Manufacturing sentiment rose to the highest level in more than three years. The same trend was seen in the services, trade and construction sectors. Strong business sentiment is an important predictor of economic growth because highly-confident businesses hire more workers and buy more raw materials.
The EUR/USD will next react to the latest economic data from the United States. The Bureau of Labour Statistics will publish the latest initial jobless claims numbers. Analysts expect that initial claims declined from 412k to 380k a week before. Continuing claims are expected to fall from 3.5 million to 3.47 million.

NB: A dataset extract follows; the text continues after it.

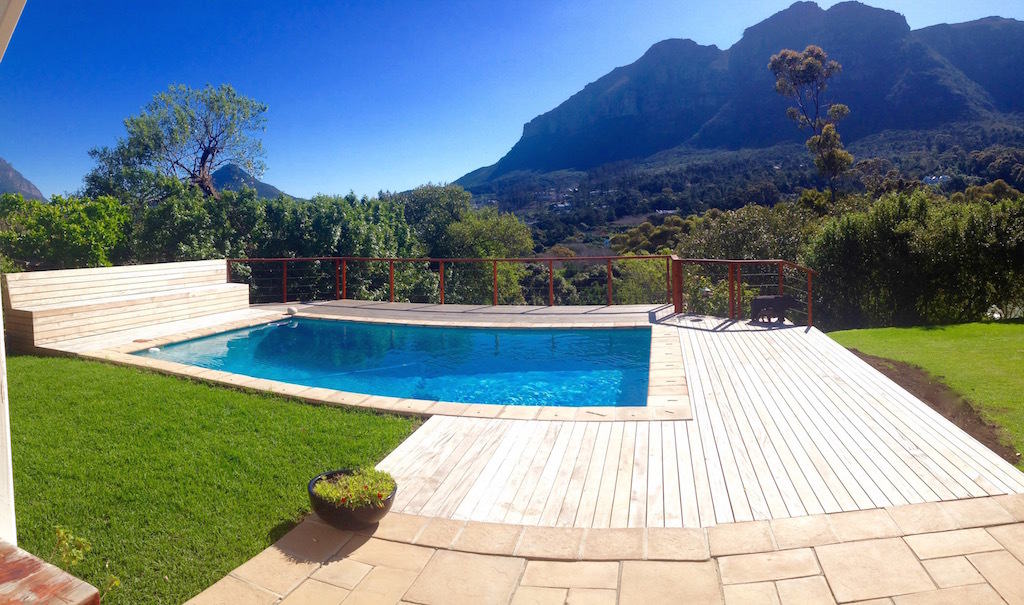 This compact American style wood home is perfect for entertaining and/or young families. Gorgeous views over the Hout Bay mountains offer peace and respite, whilst the large lawn area has a jungle gym and trampoline for kids. A large pool and deck area are ideal for the hot summer sun!

The US will also publish its final estimate of the first-quarter GDP data. Analysts expect the data to reveal that the US economy expanded by 6.4% in the first quarter. The third estimate does not have a major deviation from the second one. Other economic data scheduled are durable goods orders and consumer spending.
EUR/USD technical forecast
The EUR/USD has bounced back after it retreated sharply after last week’s Fed interest rate decision. The price is at the same level as the 25-day moving average and slightly below the 50-day EMA on the three-hour chart. It has also formed a bearish flag pattern, which typically sends a bearish breakout signal. Therefore, the pair will likely break out lower after the US GDP and durable goods orders numbers. If this happens, the next key level to watch will be last week’s low at 1.1846.